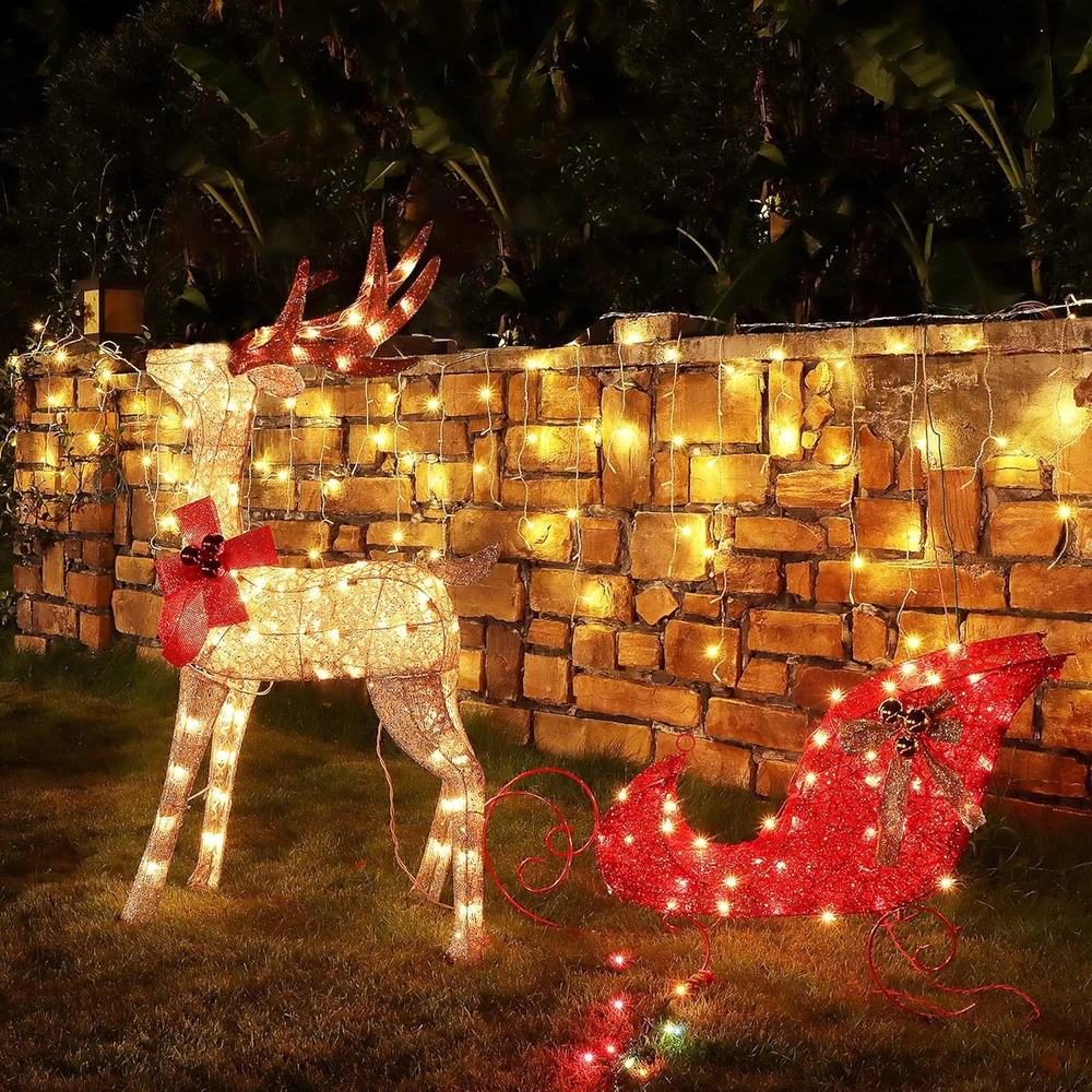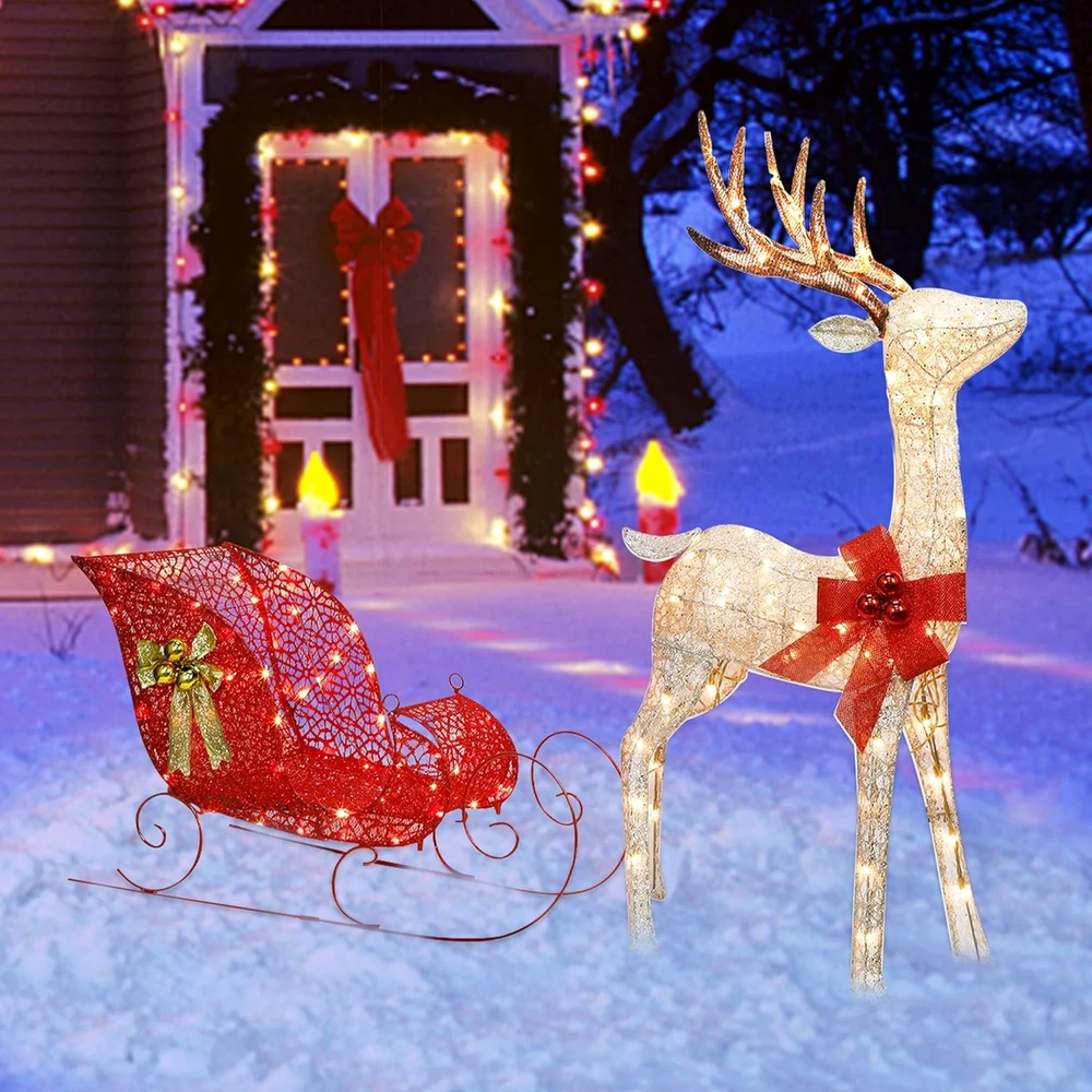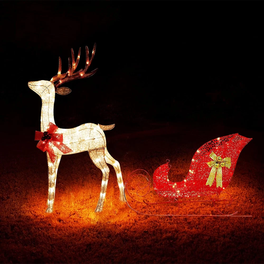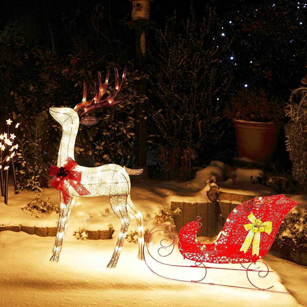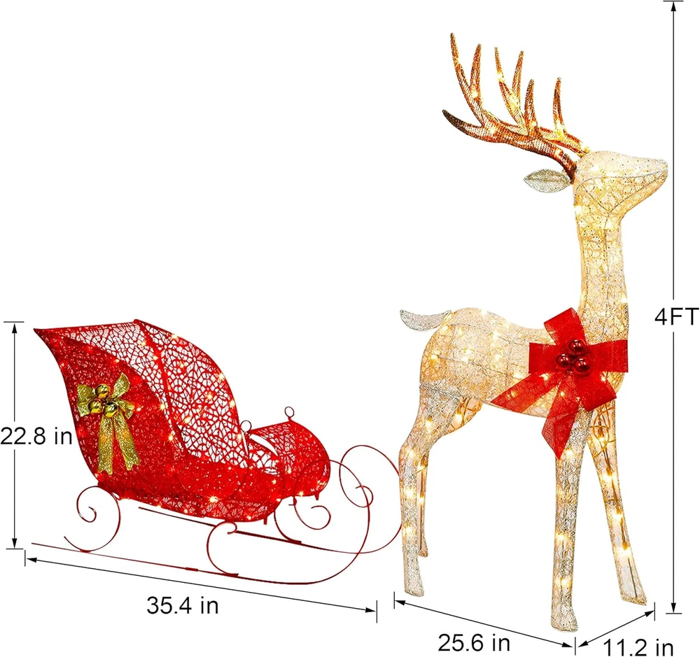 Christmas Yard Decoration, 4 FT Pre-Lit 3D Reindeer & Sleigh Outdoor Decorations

•••••

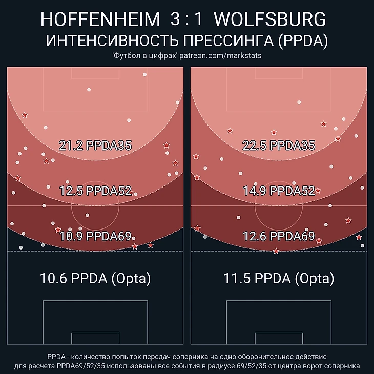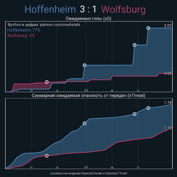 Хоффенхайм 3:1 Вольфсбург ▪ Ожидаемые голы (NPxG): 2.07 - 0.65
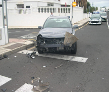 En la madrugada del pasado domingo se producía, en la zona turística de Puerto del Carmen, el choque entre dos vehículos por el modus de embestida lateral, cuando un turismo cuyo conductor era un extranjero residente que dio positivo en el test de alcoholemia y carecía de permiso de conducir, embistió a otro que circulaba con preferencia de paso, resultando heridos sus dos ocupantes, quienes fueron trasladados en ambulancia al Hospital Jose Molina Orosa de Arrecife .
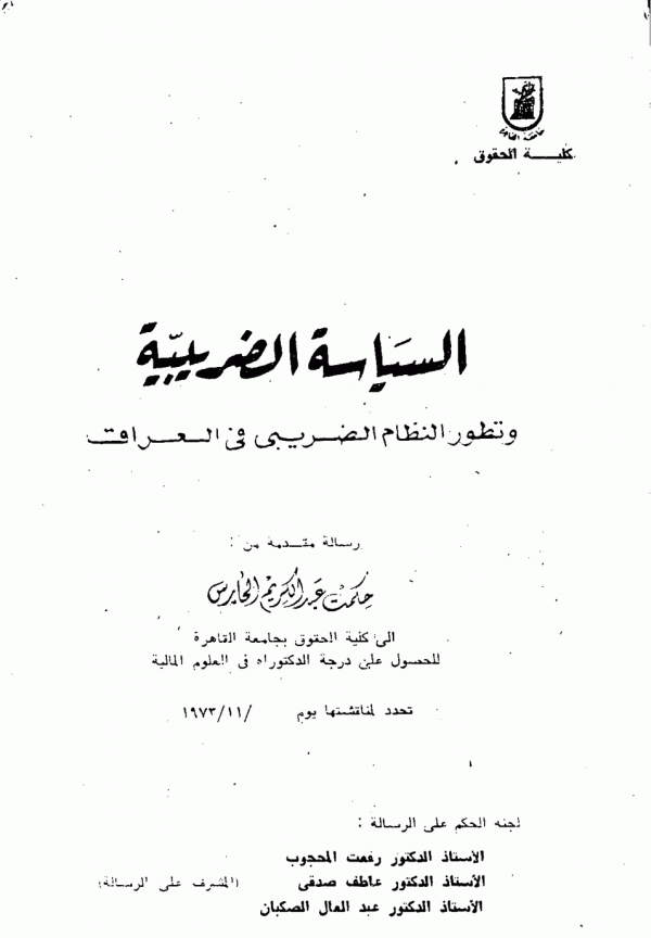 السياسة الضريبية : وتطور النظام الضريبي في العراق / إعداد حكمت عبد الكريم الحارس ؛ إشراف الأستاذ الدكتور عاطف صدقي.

•••••

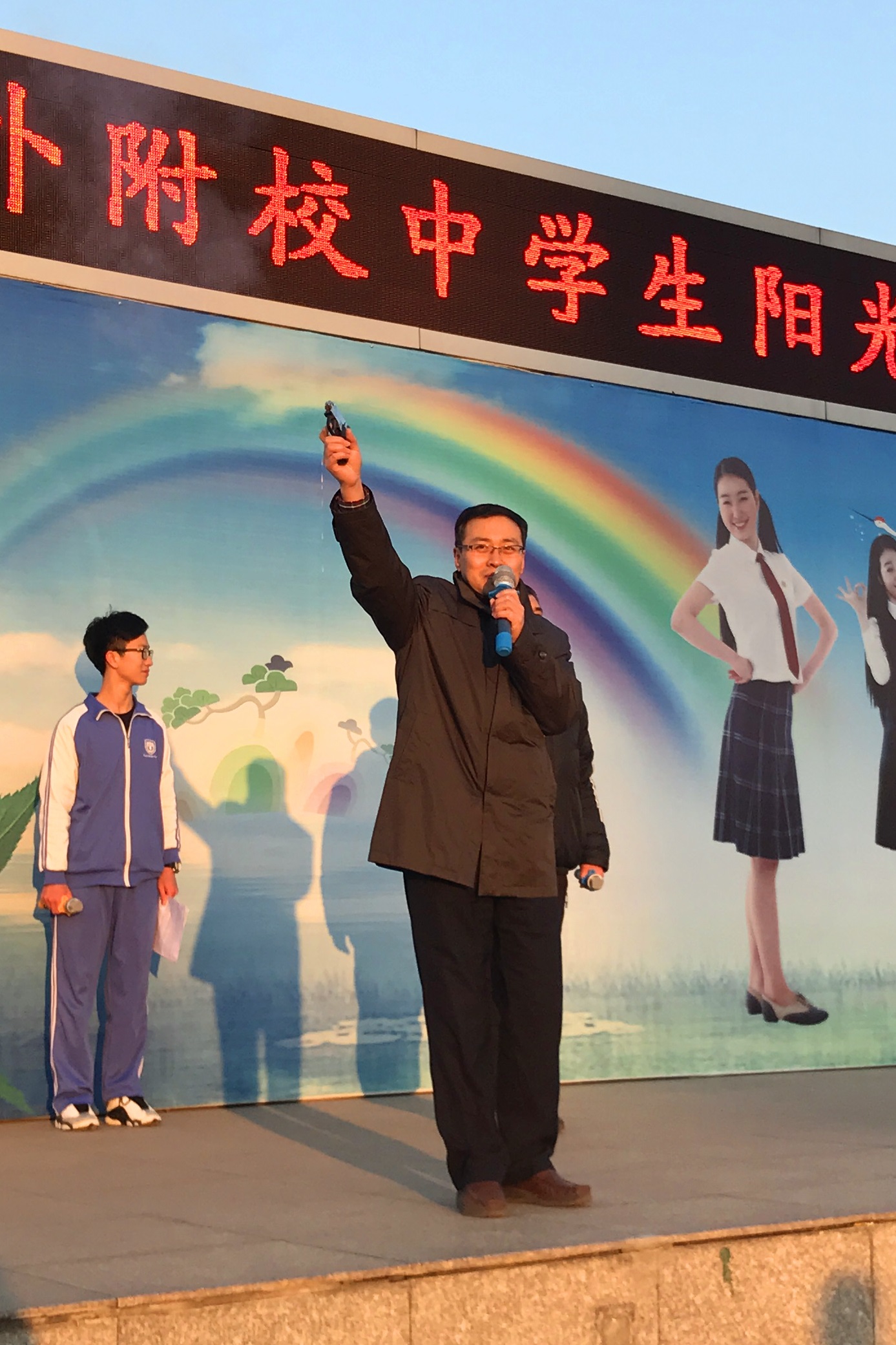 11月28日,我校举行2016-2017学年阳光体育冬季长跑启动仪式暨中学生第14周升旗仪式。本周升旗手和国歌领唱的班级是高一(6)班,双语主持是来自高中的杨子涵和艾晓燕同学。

•••••

Your answer should be the exact lines above from the one containing "En la madrugada" through the one containing "السياسة الضريبية : وتطور", with both end lines kept and the pictures removed, please.

 En la madrugada del pasado domingo se producía, en la zona turística de Puerto del Carmen, el choque entre dos vehículos por el modus de embestida lateral, cuando un turismo cuyo conductor era un extranjero residente que dio positivo en el test de alcoholemia y carecía de permiso de conducir, embistió a otro que circulaba con preferencia de paso, resultando heridos sus dos ocupantes, quienes fueron trasladados en ambulancia al Hospital Jose Molina Orosa de Arrecife .
 السياسة الضريبية : وتطور النظام الضريبي في العراق / إعداد حكمت عبد الكريم الحارس ؛ إشراف الأستاذ الدكتور عاطف صدقي.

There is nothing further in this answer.